This is incorrect because it does not consider the more general case. For example, suppose we were tracking house prices vs total $m^2$ of the floor plan. These numbers are correlated. It is not an exact correlation, but in general houses in the same neighborhood are more expensive if they have a larger floor plan. We want a way to express not only what we think the variance is in the price and the $m^2$, but also the degree to which they are correlated. It turns out that we use the following matrix to denote covariances with multivariate normal distributions. You might guess, correctly, that covariance is short for correlated variances.

$$ \Sigma = \begin{bmatrix} \sigma_1^2 & \sigma_{12} & \cdots & \sigma_{1n} \\ \sigma_{21} &\sigma_2^2 & \cdots & \sigma_{2n} \\ \vdots & \vdots & \ddots & \vdots \\ \sigma_{n1} & \sigma_{n2} & \cdots & \sigma_n^2 \end{bmatrix} $$

If you haven't seen this before it is probably a bit confusing at the moment. Rather than explain the math right now, we will take our usual tactic of building our intuition first with various physical models. At this point, note that the diagonal contains the variance for each state variable, and that all off-diagonal elements (covariances) are represent how much the $i$th (row) and $j$th (column) state variable are linearly correlated to each other. In other words, it is a measure for how much they change together. No correlation will have a covariance of 0. So, for example, if the variance for x is 10, the variance for y is 4, and there is no linear correlation between x and y, then we would say

$$\Sigma = \begin{bmatrix}10&0\\0&4\end{bmatrix}$$

If there was a small amount of correlation between x and y we might have

$$\Sigma = \begin{bmatrix}10&1.2\\1.2&4\end{bmatrix}$$

where 1.2 is the covariance between x and y. Note that this is always symmetric - the covariance between x and y is always equal to the covariance between y and x. That is, $\sigma_{xy}=\sigma_{yx}$ for any x and y.

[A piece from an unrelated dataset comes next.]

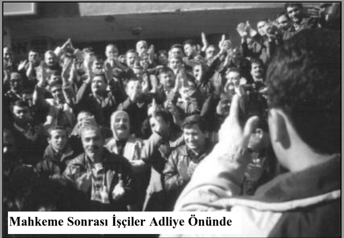
Mahkeme Sonrası İşçiler Adliye Önünde

Now, without explanation, here is the full equation for the multivariate normal distribution in $n$ dimensions.

$$\mathcal{N}(\mu,\,\Sigma) = (2\pi)^{-\frac{n}{2}}|\Sigma|^{-\frac{1}{2}}\, e^{ -\frac{1}{2}(\mathbf{x}-\mu)^\mathsf{T}\Sigma^{-1}(\mathbf{x}-\mu) }$$

I urge you to not try to remember this function. We will program it in a Python function and then call it when we need to compute a specific value. However, if you look at it briefly you will note that it looks quite similar to the univariate normal distribution except it uses matrices instead of scalar values, and the root of $\pi$ is scaled by $n$. Here is the univariate equation for reference:

$$ f(x, \mu, \sigma) = \frac{1}{\sigma\sqrt{2\pi}} e^{{-\frac{1}{2}}{(x-\mu)^2}/\sigma^2 } $$

If you are reasonably well-versed in linear algebra this equation should look quite manageable; if not, don't worry! Let's just plot it and see what it looks like.

In [2]:
import mkf_internal
import numpy as np
mkf_internal.plot_3d_covariance((2, 17), np.array([[10., 0], [0, 4.]]))

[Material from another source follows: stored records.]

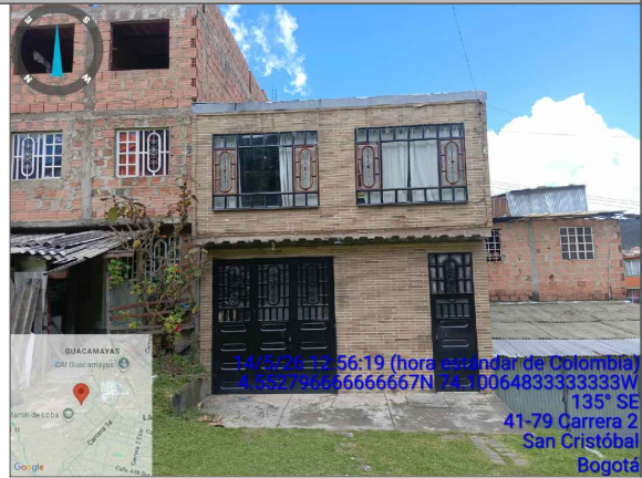
VISTA FRONTAL PREDIO
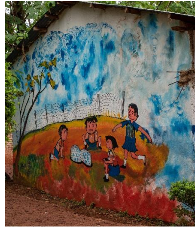
Muurschildering van lokale artiest
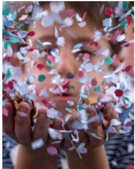
▲ Fotografia: Eloy Serrat Grasal

Comptarem amb l'animació: El Gran Magi i els Saragatus, Brass The Gitano Band i La Banda Retocada . El Marraco participa a la Batalla de Flors durant la primera volta de les carrosses →
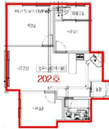
< 내부구조도 >
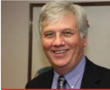
پىرۇفىسۇر مالاچى ھاكۇھىن بۇ گولان:

لە پىشەكى ئەم راپۇرتە ئامازەمان پىكىرد، پىرۇسەى بونىادنانى نەتەو، واتە پىرۇسەى بەھىزكردن و چەسپاندىنى دامەزراوہكانى دەولەت، لەلايەكى دىكە پىرۇسەى بونىادنانەوہى نەتەو زۇرچار لە ولاتانى دوای شەپ دەست پىدەكات، ئەمەش بەو مانايەى پىرۇسەى بونىادنانى نەتەو پىرۇسەى كەلتورى شەپە بۇ كەلتورى پىكەوہ ژيان بەرىگەى بونىيادى دامەزراوہكان، سەبارەت بەگۇرپىنى كەلتورى شەپ بۇ كەلتورى ئاشتى و پىكەوہ ژيان پرسىارمان لە پىرۇفىسۇر ستىفن ئىف جۇنر ئوستادى زانستى سىياسەت لەزانكۇى ماوہنت ھاىكۇل و تايبەتمەند لە كۇمەلگەكانى پۇست كۇمۇنىست، لە لىدانىكى تايبەتيدا بۇ گولان بەمجۇرە لەسەر ئەم پرسە ھاتە ئاخوتن: (بە دلنىايەوہ دەتوانرېت بەرىگەى پىرۇسەى بونىادنانەوہى نەتەو كەلتورى شەپ بگۇرپىت بۇ كەلتورى ئاشتى و پىكەوہ ژيان، لىردە دەتوانىن ئامازە بە ئەزمونى ولاتانى ئەوروپاى دوای جەنگى دووہى جىهان بكەين كە توانىان فىرې پىكەوہژيان و ھاوكارى كردنى يەكتىر بىن، كەواتە ئەمە شىتىكى مەحال نىيە، ھەرچەندە ئەزمونى ئەوروپا تا راددەيك جياواز بوو، لەبەر ئەوہى يارمەتتەكى نىودەولەتسى گەورەى بۇ داىىنكرا بە تايبەتسى لەلايەن ئەمريكاوہ لە رىنگەى پلانى مارشالەوہ، كەواتە ئەو ولاتانەى لە قۇناغى شەپ دەربازيان بوو، پىويستيان بە سەرچاوہ گەلىكى زۇر ھەيە بۇ ئەوہى دووبارە خەلك بتوانىت لەسەر پىنى خۇى بوەستىت، بۇ ئەوہى بتوانىت ژيانى ئاسايى دەست پىيكاتەوہ چونكە كە ژيانى ئاسايىت دەستپىكردەوہ ئەوكاتە زياتر دەتوانىت لىيور دەبىت لە ئاست كەلتور و گروپە جياوازەكانى دىكەدا كە لە گەلىاندا دەرىت. بۇ نمونە ئە گەر لە كۇسۇقۇ برونىن، ئەوا لەبەر ئەوہى كۇمەلگەى نىودەولەتسى ھاوكارىەكى زۇرى كىردو، ئەوا دەرفەتەكانى بەرەپىشچون و چەسپاندىنى دىموكراسى زىيادى كىردو

Here we have plotted a two dimensional multivariate Gaussian with a mean of $\mu=[\begin{smallmatrix}2\\17\end{smallmatrix}]$ and a covariance of $\Sigma=[\begin{smallmatrix}10&0\\0&4\end{smallmatrix}]$. The three dimensional shape shows the probability of for any value of (x,y) in the z-axis. I have projected just the variance for x and y onto the walls of the chart - you can see that they take on the normal Gaussian bell curve shape. You can also see that, as we might hope, that the curve for x is wider than the curve for y, which is explained by $\sigma_x^2=10$ and $\sigma_y^2=4$. Also, the highest point of the curve is centered over (2,17), the means for x and y. I hope this demystifies the equation for you. Any multivariate Gaussian will create this sort of shape. If we think of this as a the Gaussian for our dog's position in a two dimensional field, the z-value at each point of (x,y) is the probability density for the dog being at that position. So, he has the highest probability of being near (2,17), a modest probability of being near (5,14), and a very low probability of being near (10,10).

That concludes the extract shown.